GPT4 responds like a chatbot, so it will answer questions and many experts train newbies by learning how to ask good questions. My problem with this is that answers to questions are rarely in the form of usable content. But they may lead you there or provide clues to include in more productive prompts. The key to getting good results is familiarization through experimentation. Write prompts as if you are giving a writing assignment to a writer and then followup afterwards with iterative prompts to improve the results.
Start developing your prompts by clearly defining the topic while providing the most important information within the first prompt. Keep it relatively simple - loading the 1st prompt with too much information or too many instructions can overload the generator and it won't remember them all. That said it's impressive how much it can retain from prompts.

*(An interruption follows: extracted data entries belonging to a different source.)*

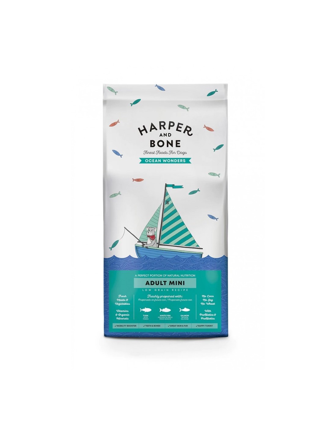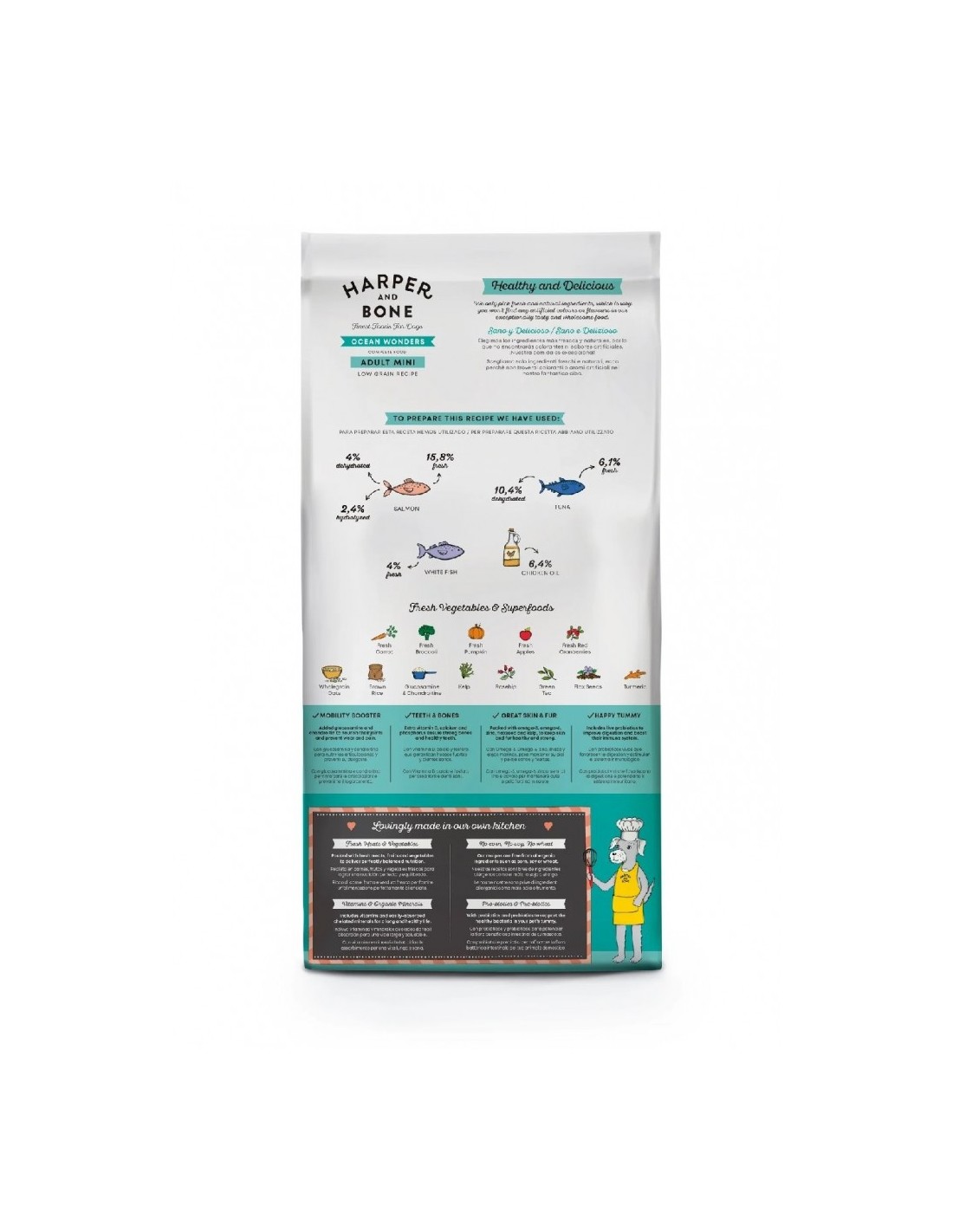 salmón preparado en fresco 15,8%, guisantes verdes enteros, atún deshidratado 10,4%, arroz extrusionado, atún preparado en fresco 6,1%, arroz integral 6%, aceite de pollo (protegido con tocoferoles naturales) 6,4%, proteína de guisantes, cebada integral, salmón deshidratado 4%, pescado blanco preparado en fresco 4%, proteína de arroz, avena integral 3,6%, salmón hidrolizado 2,4%, semillas de lino 0,5% (fuente natural de ácidos grasos ?3), pulpa de remolacha, fibra de manzana, levaduras (Saccharomyces cerevisiae), minerales, brócoli fresco 1000 mg/kg, calabaza fresca 1000 mg/kg, manzanas frescas 1000 mg/kg, zanahorias frescas 1000 mg/kg, glucosamina 1000 mg/kg, condroitina 600 mg/kg, pared celular hidrolizada de levaduras (fuente de MOS) 500 mg/kg, achicoria (fuente de FOS) 500 mg/kg, extracto de mandarina 500 mg/kg, Yucca schidigera 200 mg/kg, alga kelp 30 mg/kg, arándanos rojos enteros 30 mg/kg, rosa canina (rica en vitamina C) 30 mg/kg, té verde 30 mg/kg, cúrcuma 30 mg/kg.
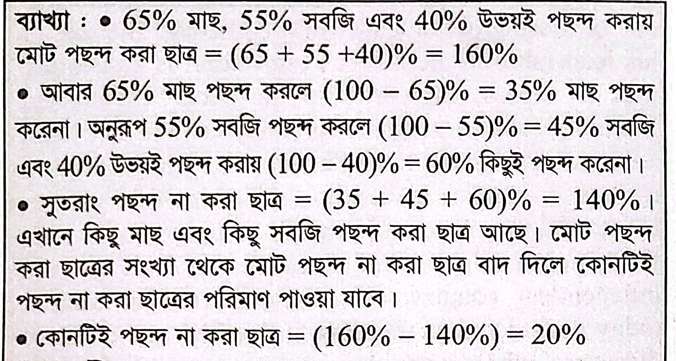 কোনো ছাত্রাবাসে ৬৫% ছাত্র মাছ পছন্দ করে, ৫৫% ছাত্র সবজি পছন্দ করে এবং ৪০% ছাত্র উভয়টি পছন্দ করে। কত শতাংশ ছাত্র কোনোটিই পছন্দ করে না? ( In a hostel, 65% students like fish, 55% vegetables, and 40% both fish and vegetables. What percentage of the students like none?)
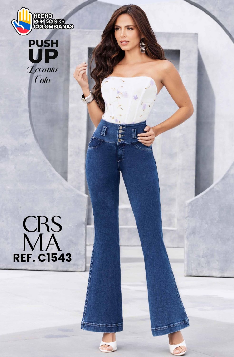 JEAN OFORI Ref. 1543 El Jean Colombiano Levantacola Ref. 1543 está diseñado para mujeres que buscan definición, porte y un ajuste impecable. Confeccionado en Colombia, este modelo combina ingeniería textil y diseño estratégico para lograr una silueta estilizada y poderosa. Su pretina tiro alto con cuatro botones aporta control en el abdomen y define la cintura con firmeza, mientras que el sistema push up con bolsillos realza los glúteos de forma natural, creando un efecto levantacola visible y equilibrado. La silueta bota campana (flare) alarga visualmente las piernas y aporta elegancia al conjunto. La tela efecto piel de durazno satinada, con tecnología ultra stretch, se adapta al cuerpo sin perder estructura, ofreciendo comodidad y un acabado sofisticado. El tono azul medio con detalles de pedrería en bolsillos traseros añade un toque femenino y refinado sin exagerar. Un jean pensado para destacar con clase, ideal para ocasiones donde el look debe hablar por sí solo. Características destacadas:
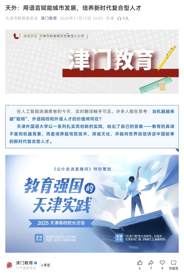 在人工智能浪潮席卷的今天,实时翻译触手可及。许多人都在思考:当机器越来越“聪明”,外语院校和外语人才的价值将何在?天津外国语大学以一系列扎实而创新的实践,给出了自己的答案——教育的真谛不是和机器竞赛,而是培养能驾驭技术、深谙文化,并能向世界自信讲述中国故事的新时代复合型人才。
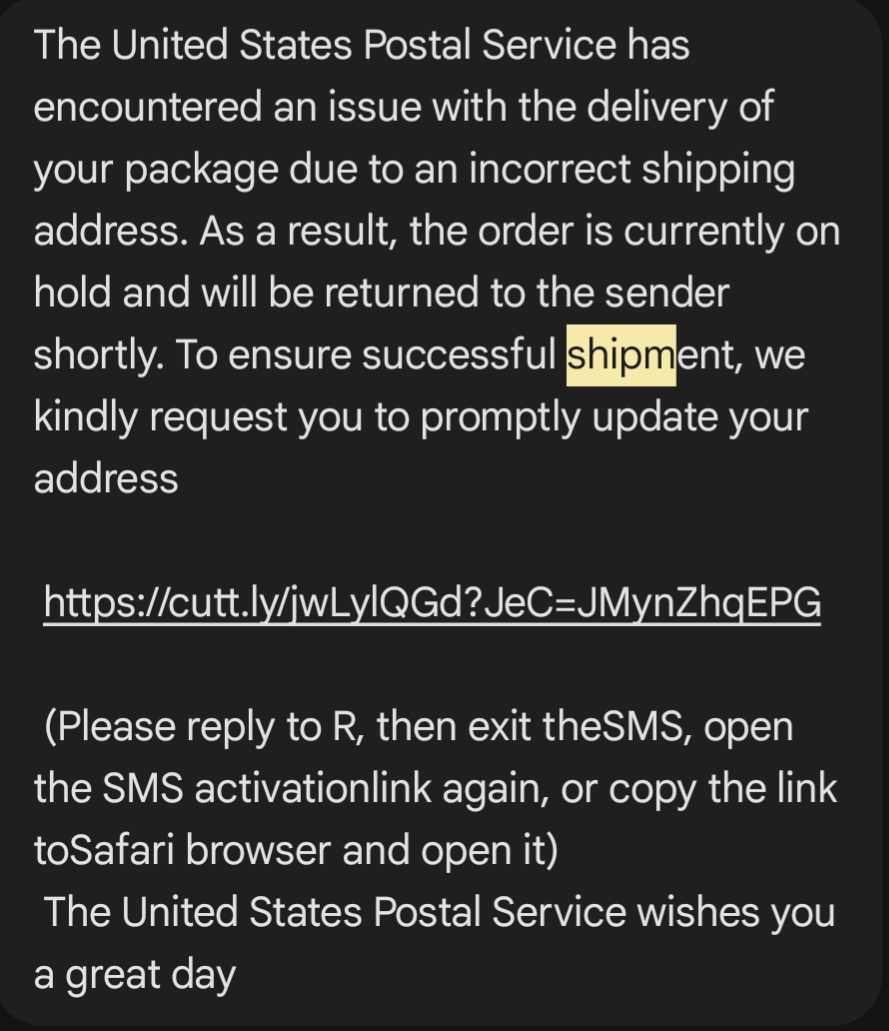 Мой сын в Англии ждет пакет с документами из банка и получает аналогичную СМС якобы от Роял Мейл.

But if you have a lot of instructions iterate through them in response to initial output.
The AI is trained to give short responses unless given instructions to go deeper. Use terms like "comprehensive", "full length", "detailed", "include specific examples", "explain in detail", etc. to trigger more informative content in the original prompt. Increasing the number of words or characters or paragraphs does not lead to better information.The best results come from subsequent corrective prompts, and sometimes by starting over until the first pass is acceptably on target. Instruct the AI as you would when asking a writer for another draft. When the generator pauses, use the "continue" prompt to get more out of the AI - something that I always do. Most in depth content requires many corrective prompts - (they might all be "continue"). The "continue" prompt is way to coax the AI to output more of what it knows - a way to make the AI dig deeper.
Improve the quality. After the AI generates an acceptable version, ask it to improve on it - with more detail, more examples, background, etc. Request additional versions and chose one or manually pull from them and assemble the best from each. Use the AI to improve its own output.
Example
Here's an example starting from a simple prompt that includes a detailed list of requirements that the AI was able to remember and successfully execute.
Example prompt:
"Write a comprehensive article on the films directed by Steven Soderbergh. Include detailed plot summaries, box office successes & failures, audience reactions, main actors, studio involved, production costs, etc. Include specific examples of critic reviews and any comments made by the director regarding each film."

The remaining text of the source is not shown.